* _ACTIVITY_
Give an exact copy of the data that follows, but none of its pictures.

▬▬▬▬▬▬▬▬▬▬

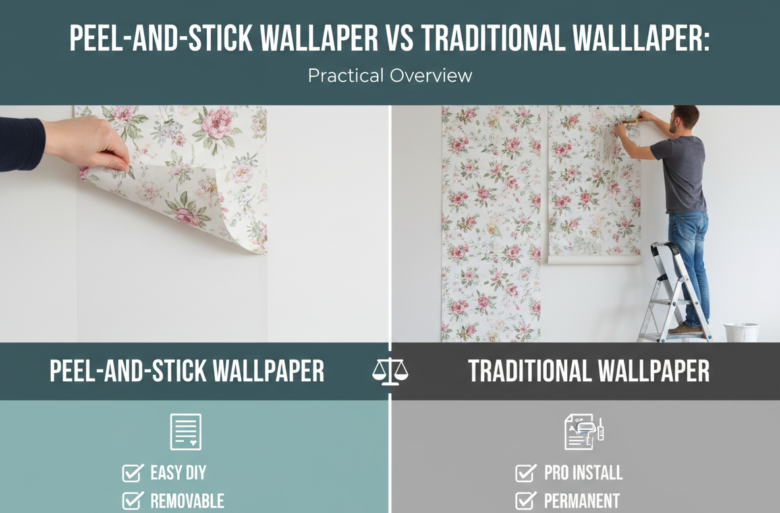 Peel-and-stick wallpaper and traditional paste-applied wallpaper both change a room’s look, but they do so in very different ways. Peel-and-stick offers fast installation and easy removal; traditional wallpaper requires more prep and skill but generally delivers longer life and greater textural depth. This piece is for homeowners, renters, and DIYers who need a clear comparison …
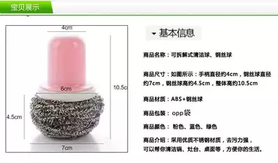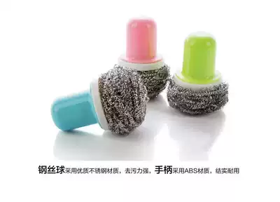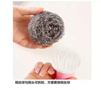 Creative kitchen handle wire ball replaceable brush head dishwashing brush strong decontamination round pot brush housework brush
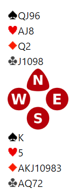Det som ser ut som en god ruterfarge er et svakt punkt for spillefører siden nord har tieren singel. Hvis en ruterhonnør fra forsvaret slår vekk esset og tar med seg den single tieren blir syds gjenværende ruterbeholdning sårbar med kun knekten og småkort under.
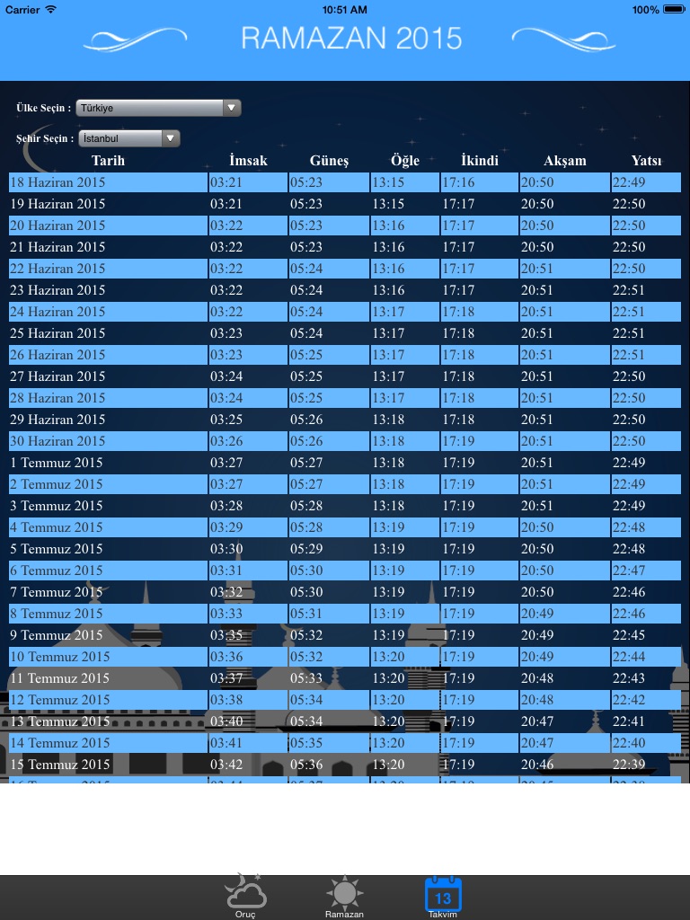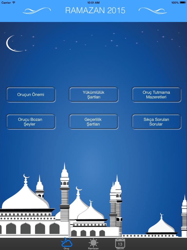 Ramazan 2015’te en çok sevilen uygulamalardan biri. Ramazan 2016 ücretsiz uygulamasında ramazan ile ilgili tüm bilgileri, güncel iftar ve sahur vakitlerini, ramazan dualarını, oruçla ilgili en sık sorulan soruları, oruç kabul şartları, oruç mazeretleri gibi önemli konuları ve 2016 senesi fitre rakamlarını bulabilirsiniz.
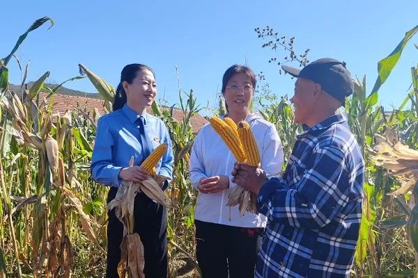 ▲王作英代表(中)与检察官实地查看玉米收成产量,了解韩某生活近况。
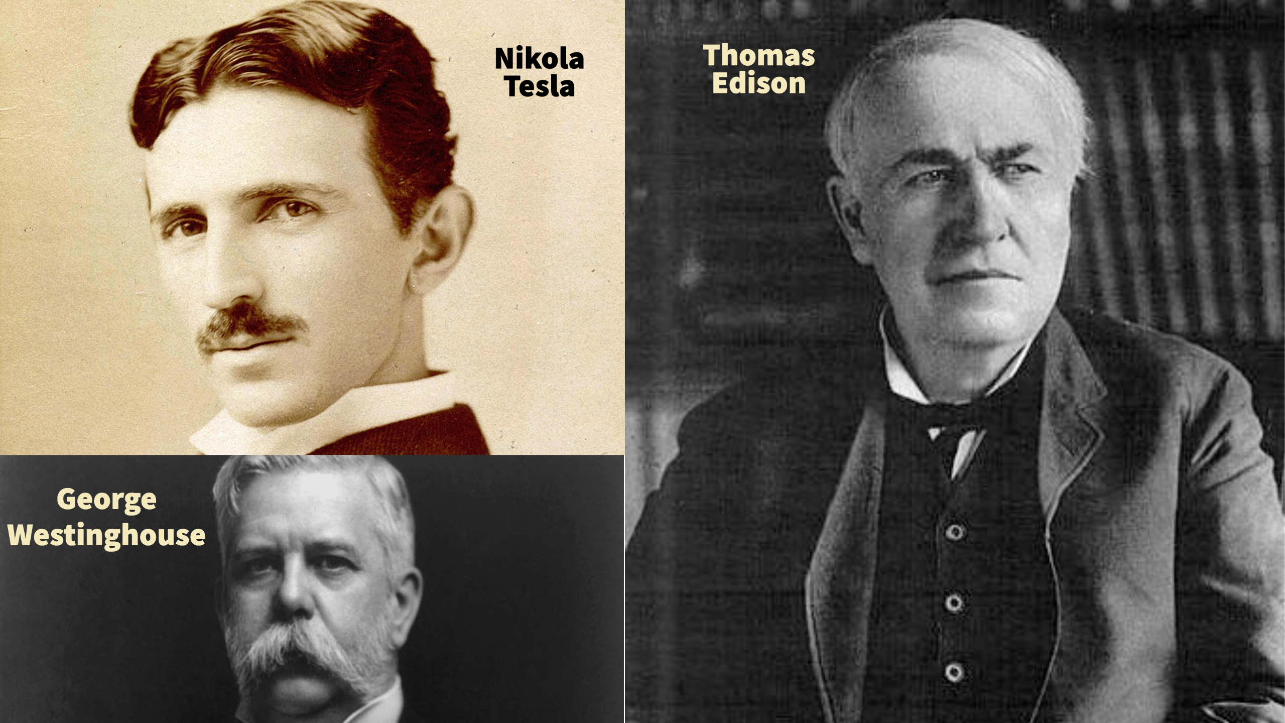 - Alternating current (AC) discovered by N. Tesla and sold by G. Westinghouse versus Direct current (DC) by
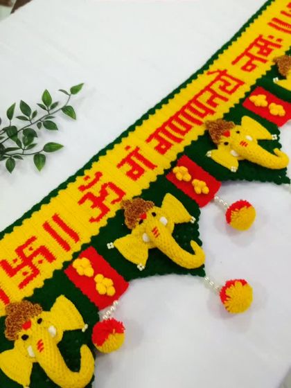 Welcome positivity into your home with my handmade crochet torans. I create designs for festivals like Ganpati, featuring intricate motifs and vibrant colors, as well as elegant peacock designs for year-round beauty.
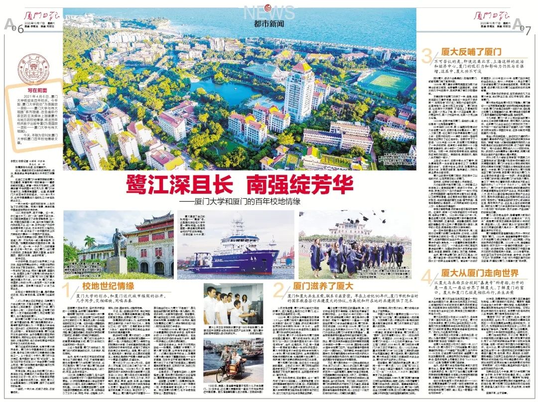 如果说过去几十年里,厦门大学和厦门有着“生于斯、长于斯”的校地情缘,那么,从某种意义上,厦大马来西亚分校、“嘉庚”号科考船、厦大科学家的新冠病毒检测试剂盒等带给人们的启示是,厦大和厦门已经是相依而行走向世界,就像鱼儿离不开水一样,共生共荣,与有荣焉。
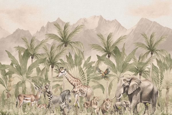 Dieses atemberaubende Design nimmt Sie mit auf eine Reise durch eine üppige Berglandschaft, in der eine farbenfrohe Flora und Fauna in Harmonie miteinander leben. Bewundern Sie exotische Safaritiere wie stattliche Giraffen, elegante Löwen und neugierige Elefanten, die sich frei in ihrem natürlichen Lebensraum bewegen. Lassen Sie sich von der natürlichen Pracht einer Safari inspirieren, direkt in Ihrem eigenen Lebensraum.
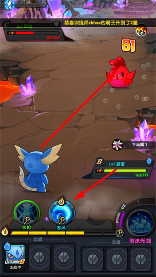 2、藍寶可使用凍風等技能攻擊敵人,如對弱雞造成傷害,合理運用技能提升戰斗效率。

▬▬▬▬▬▬▬▬▬▬

* _SOLUTION FOR THIS PROBLEM_
 Peel-and-stick wallpaper and traditional paste-applied wallpaper both change a room’s look, but they do so in very different ways. Peel-and-stick offers fast installation and easy removal; traditional wallpaper requires more prep and skill but generally delivers longer life and greater textural depth. This piece is for homeowners, renters, and DIYers who need a clear comparison …
 Creative kitchen handle wire ball replaceable brush head dishwashing brush strong decontamination round pot brush housework brush
Det som ser ut som en god ruterfarge er et svakt punkt for spillefører siden nord har tieren singel. Hvis en ruterhonnør fra forsvaret slår vekk esset og tar med seg den single tieren blir syds gjenværende ruterbeholdning sårbar med kun knekten og småkort under.
 Ramazan 2015’te en çok sevilen uygulamalardan biri. Ramazan 2016 ücretsiz uygulamasında ramazan ile ilgili tüm bilgileri, güncel iftar ve sahur vakitlerini, ramazan dualarını, oruçla ilgili en sık sorulan soruları, oruç kabul şartları, oruç mazeretleri gibi önemli konuları ve 2016 senesi fitre rakamlarını bulabilirsiniz.
 ▲王作英代表(中)与检察官实地查看玉米收成产量,了解韩某生活近况。
 - Alternating current (AC) discovered by N. Tesla and sold by G. Westinghouse versus Direct current (DC) by
 Welcome positivity into your home with my handmade crochet torans. I create designs for festivals like Ganpati, featuring intricate motifs and vibrant colors, as well as elegant peacock designs for year-round beauty.
 如果说过去几十年里,厦门大学和厦门有着“生于斯、长于斯”的校地情缘,那么,从某种意义上,厦大马来西亚分校、“嘉庚”号科考船、厦大科学家的新冠病毒检测试剂盒等带给人们的启示是,厦大和厦门已经是相依而行走向世界,就像鱼儿离不开水一样,共生共荣,与有荣焉。
 Dieses atemberaubende Design nimmt Sie mit auf eine Reise durch eine üppige Berglandschaft, in der eine farbenfrohe Flora und Fauna in Harmonie miteinander leben. Bewundern Sie exotische Safaritiere wie stattliche Giraffen, elegante Löwen und neugierige Elefanten, die sich frei in ihrem natürlichen Lebensraum bewegen. Lassen Sie sich von der natürlichen Pracht einer Safari inspirieren, direkt in Ihrem eigenen Lebensraum.
 2、藍寶可使用凍風等技能攻擊敵人,如對弱雞造成傷害,合理運用技能提升戰斗效率。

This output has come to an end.